Items from a dataset:
---+---
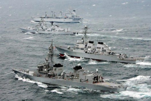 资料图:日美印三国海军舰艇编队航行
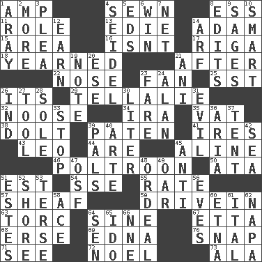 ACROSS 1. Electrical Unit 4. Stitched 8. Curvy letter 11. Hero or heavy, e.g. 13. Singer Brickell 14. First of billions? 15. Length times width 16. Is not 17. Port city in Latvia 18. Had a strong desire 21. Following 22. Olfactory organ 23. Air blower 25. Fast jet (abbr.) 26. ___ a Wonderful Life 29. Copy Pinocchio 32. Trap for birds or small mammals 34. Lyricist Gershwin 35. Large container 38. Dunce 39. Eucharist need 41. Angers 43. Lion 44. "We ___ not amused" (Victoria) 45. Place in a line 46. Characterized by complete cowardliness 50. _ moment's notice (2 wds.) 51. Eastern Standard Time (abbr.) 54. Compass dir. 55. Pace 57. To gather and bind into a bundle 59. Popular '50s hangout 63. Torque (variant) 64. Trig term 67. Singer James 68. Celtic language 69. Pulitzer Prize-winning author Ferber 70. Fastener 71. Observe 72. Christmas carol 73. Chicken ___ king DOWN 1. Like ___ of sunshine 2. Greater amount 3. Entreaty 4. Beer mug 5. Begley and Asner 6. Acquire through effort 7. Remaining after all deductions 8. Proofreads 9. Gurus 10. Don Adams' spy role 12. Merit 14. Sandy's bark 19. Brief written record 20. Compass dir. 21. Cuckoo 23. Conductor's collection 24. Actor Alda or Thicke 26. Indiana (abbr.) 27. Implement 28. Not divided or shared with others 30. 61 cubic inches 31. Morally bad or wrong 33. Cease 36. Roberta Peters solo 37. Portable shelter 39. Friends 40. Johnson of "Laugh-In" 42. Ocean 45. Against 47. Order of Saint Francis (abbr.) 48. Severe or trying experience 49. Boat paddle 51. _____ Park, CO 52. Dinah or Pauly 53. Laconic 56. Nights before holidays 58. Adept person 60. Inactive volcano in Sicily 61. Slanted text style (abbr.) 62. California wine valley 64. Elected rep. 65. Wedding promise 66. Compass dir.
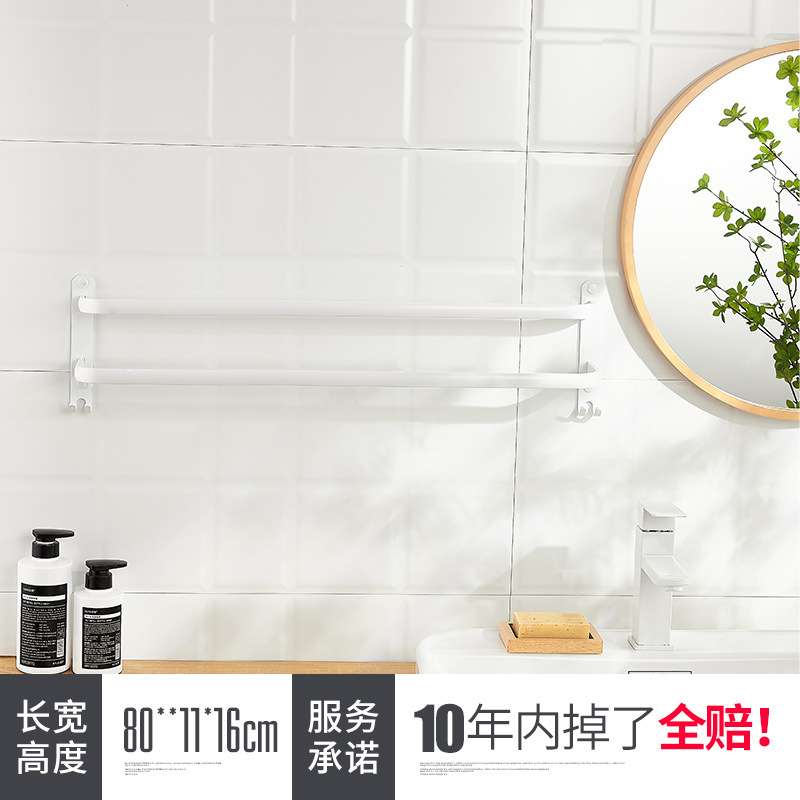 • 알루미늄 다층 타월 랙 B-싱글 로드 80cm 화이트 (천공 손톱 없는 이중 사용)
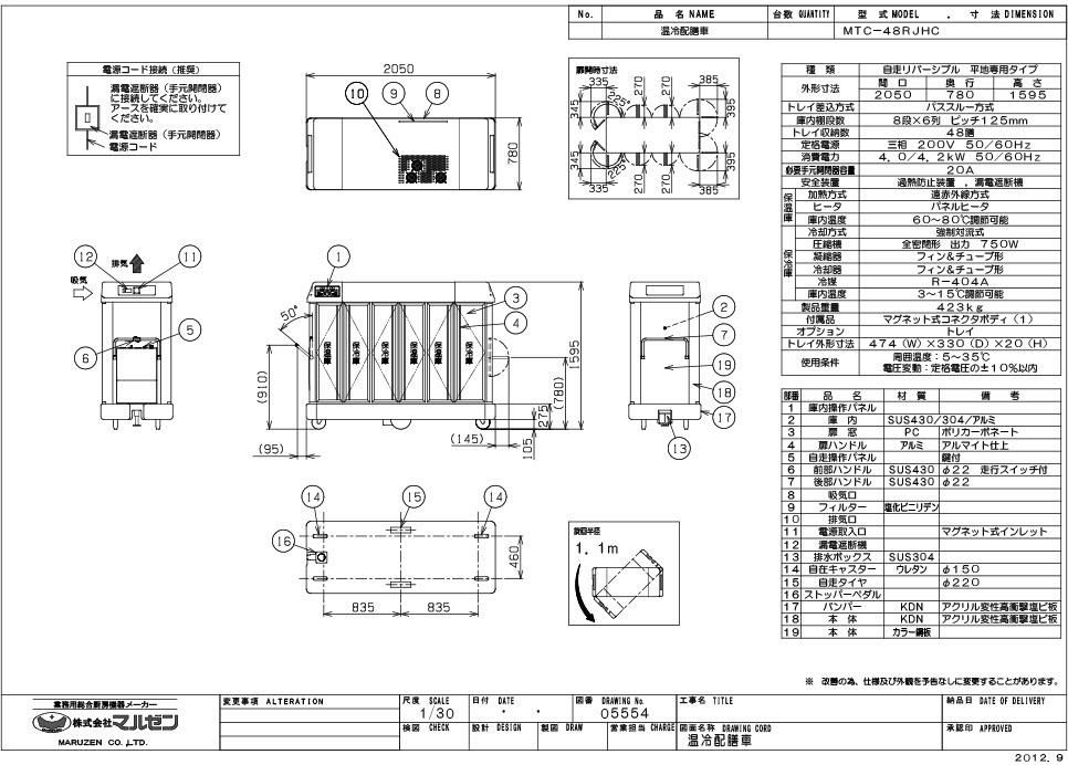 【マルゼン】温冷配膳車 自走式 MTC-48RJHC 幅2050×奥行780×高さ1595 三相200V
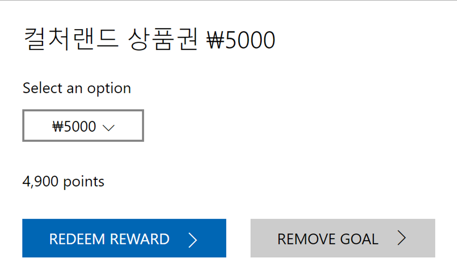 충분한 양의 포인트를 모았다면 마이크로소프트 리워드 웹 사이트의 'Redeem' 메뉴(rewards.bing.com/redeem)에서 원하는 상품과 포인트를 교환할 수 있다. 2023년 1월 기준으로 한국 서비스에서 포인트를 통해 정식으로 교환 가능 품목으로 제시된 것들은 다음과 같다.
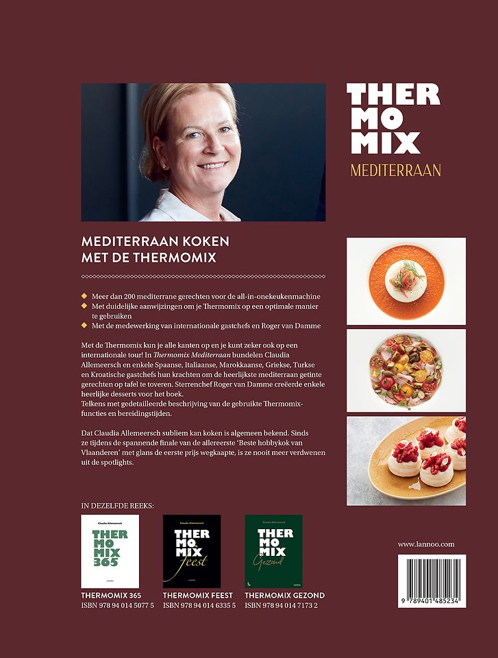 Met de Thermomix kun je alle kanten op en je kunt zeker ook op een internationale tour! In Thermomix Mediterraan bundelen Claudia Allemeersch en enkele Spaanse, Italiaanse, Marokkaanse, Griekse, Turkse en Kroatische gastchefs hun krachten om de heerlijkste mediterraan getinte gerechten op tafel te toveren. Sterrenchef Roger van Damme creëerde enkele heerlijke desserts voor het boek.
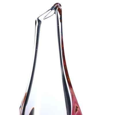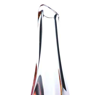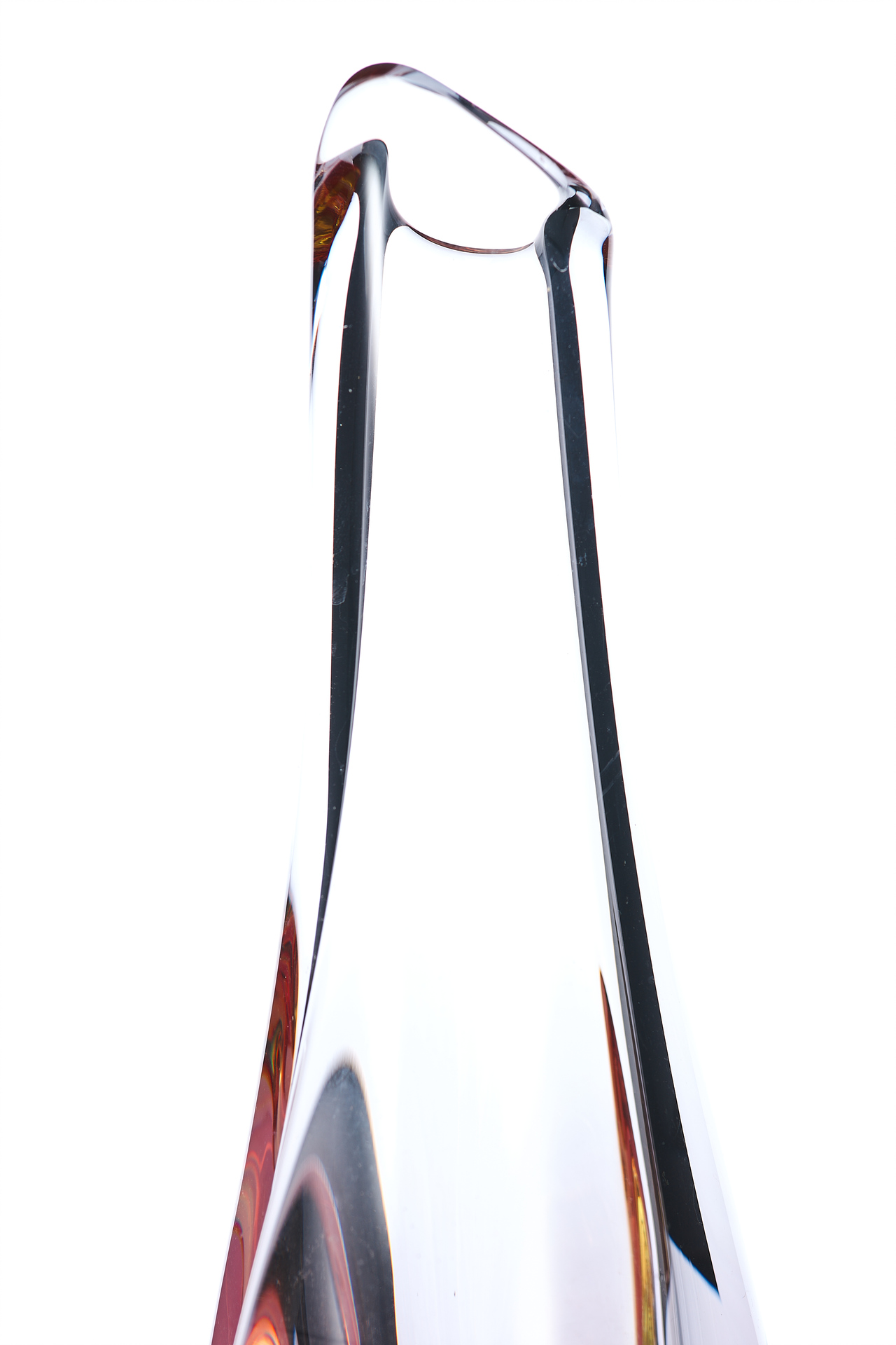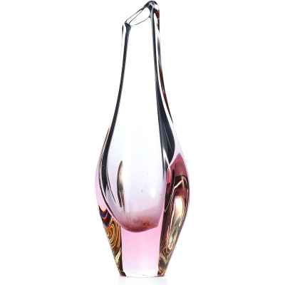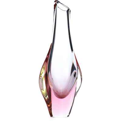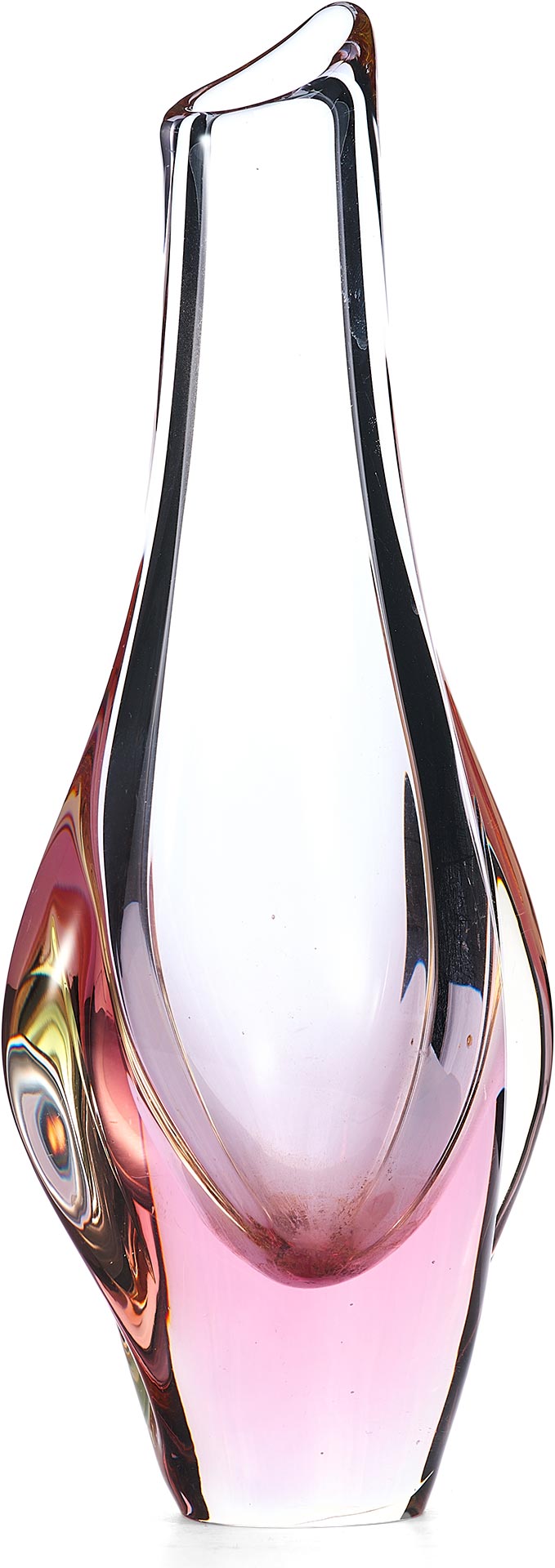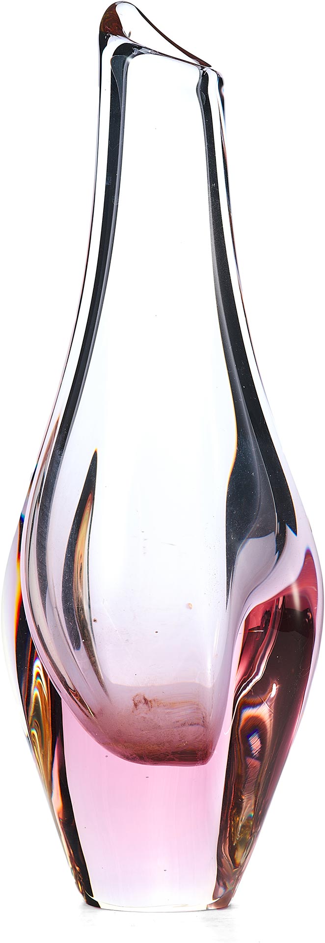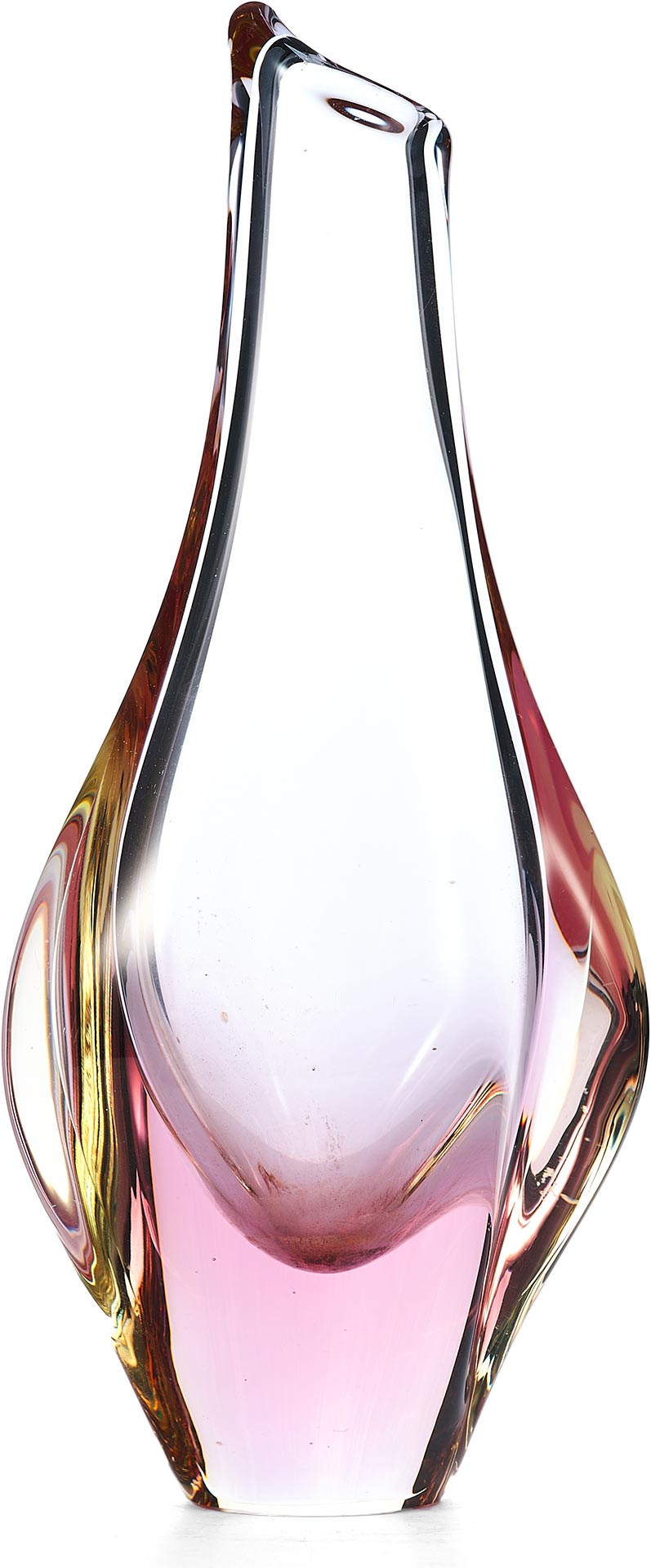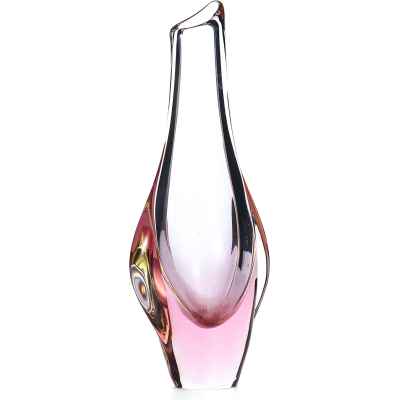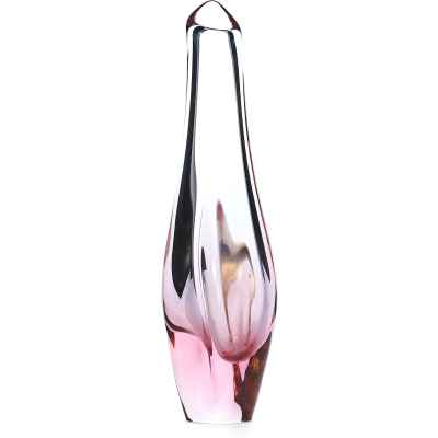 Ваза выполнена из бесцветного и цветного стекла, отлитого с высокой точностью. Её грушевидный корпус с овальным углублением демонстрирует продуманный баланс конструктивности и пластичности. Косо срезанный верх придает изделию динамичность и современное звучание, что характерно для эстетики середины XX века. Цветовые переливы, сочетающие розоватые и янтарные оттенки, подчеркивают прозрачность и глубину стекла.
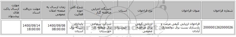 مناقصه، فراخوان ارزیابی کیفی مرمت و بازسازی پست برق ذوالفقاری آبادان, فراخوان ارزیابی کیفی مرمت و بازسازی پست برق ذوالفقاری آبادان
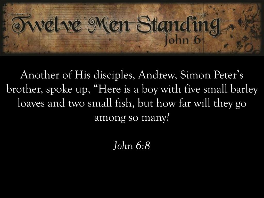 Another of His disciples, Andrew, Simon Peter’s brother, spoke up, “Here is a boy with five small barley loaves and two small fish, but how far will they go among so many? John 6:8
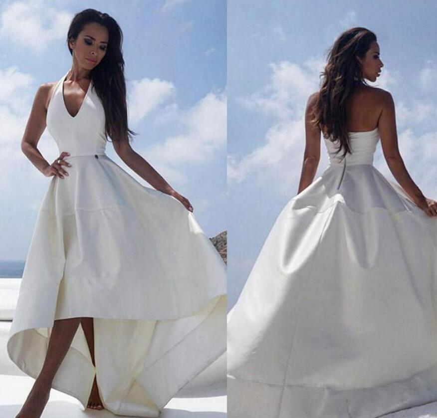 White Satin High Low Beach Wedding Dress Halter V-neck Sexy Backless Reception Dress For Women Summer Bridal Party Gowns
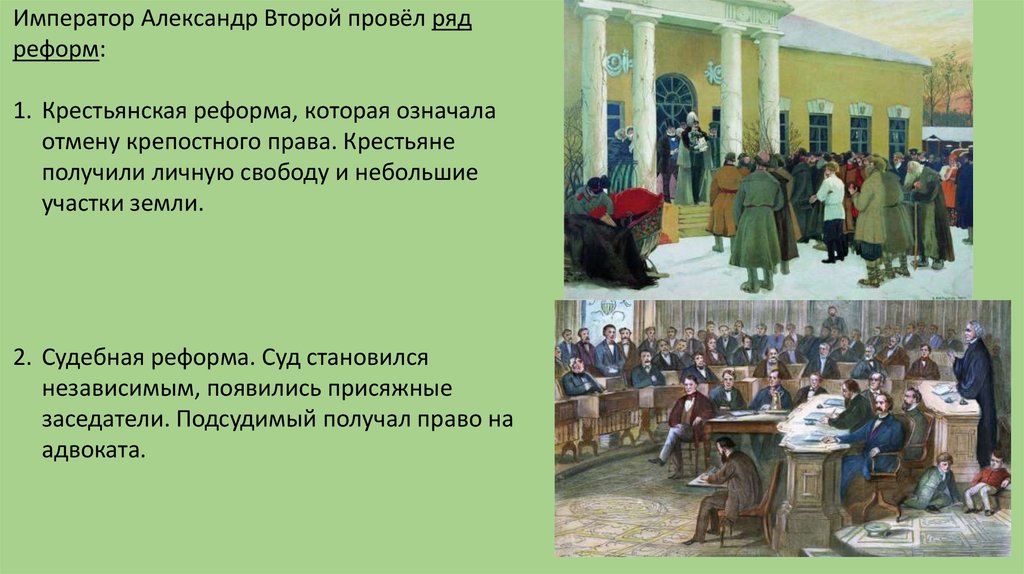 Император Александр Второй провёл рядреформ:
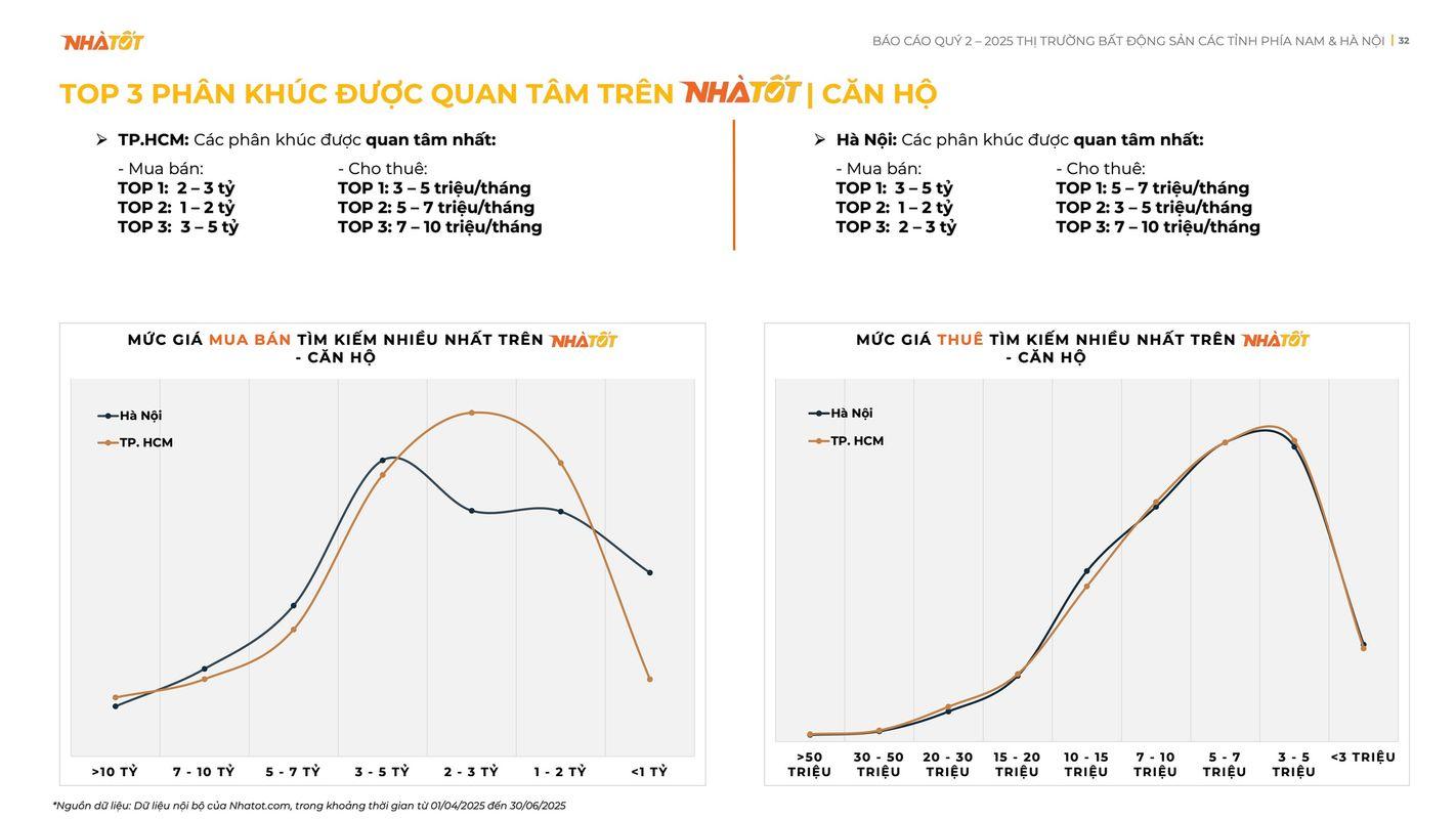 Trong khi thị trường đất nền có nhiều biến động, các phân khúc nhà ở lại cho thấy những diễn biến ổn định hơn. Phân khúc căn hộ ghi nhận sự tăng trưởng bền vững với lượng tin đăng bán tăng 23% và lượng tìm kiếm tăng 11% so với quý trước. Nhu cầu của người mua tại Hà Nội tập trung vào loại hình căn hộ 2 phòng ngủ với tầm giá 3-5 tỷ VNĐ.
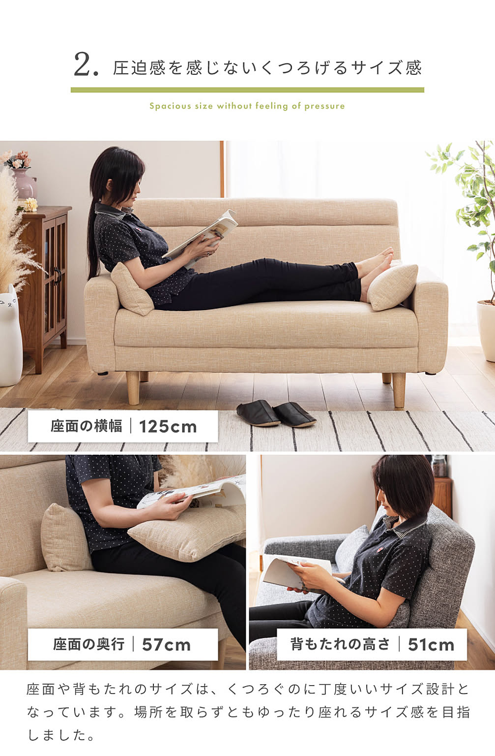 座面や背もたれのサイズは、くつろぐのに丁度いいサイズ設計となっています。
---+---
→ Your objective
Working from the data above, repeat exactly, and only, the lines that begin at the line containing "충분한 양의 포인트를" and stop after the line containing "Император Александр Второй"; pictures are not copied.

→ Response area
 충분한 양의 포인트를 모았다면 마이크로소프트 리워드 웹 사이트의 'Redeem' 메뉴(rewards.bing.com/redeem)에서 원하는 상품과 포인트를 교환할 수 있다. 2023년 1월 기준으로 한국 서비스에서 포인트를 통해 정식으로 교환 가능 품목으로 제시된 것들은 다음과 같다.
 Met de Thermomix kun je alle kanten op en je kunt zeker ook op een internationale tour! In Thermomix Mediterraan bundelen Claudia Allemeersch en enkele Spaanse, Italiaanse, Marokkaanse, Griekse, Turkse en Kroatische gastchefs hun krachten om de heerlijkste mediterraan getinte gerechten op tafel te toveren. Sterrenchef Roger van Damme creëerde enkele heerlijke desserts voor het boek.
 Ваза выполнена из бесцветного и цветного стекла, отлитого с высокой точностью. Её грушевидный корпус с овальным углублением демонстрирует продуманный баланс конструктивности и пластичности. Косо срезанный верх придает изделию динамичность и современное звучание, что характерно для эстетики середины XX века. Цветовые переливы, сочетающие розоватые и янтарные оттенки, подчеркивают прозрачность и глубину стекла.
 مناقصه، فراخوان ارزیابی کیفی مرمت و بازسازی پست برق ذوالفقاری آبادان, فراخوان ارزیابی کیفی مرمت و بازسازی پست برق ذوالفقاری آبادان
 Another of His disciples, Andrew, Simon Peter’s brother, spoke up, “Here is a boy with five small barley loaves and two small fish, but how far will they go among so many? John 6:8
 White Satin High Low Beach Wedding Dress Halter V-neck Sexy Backless Reception Dress For Women Summer Bridal Party Gowns
 Император Александр Второй провёл рядреформ:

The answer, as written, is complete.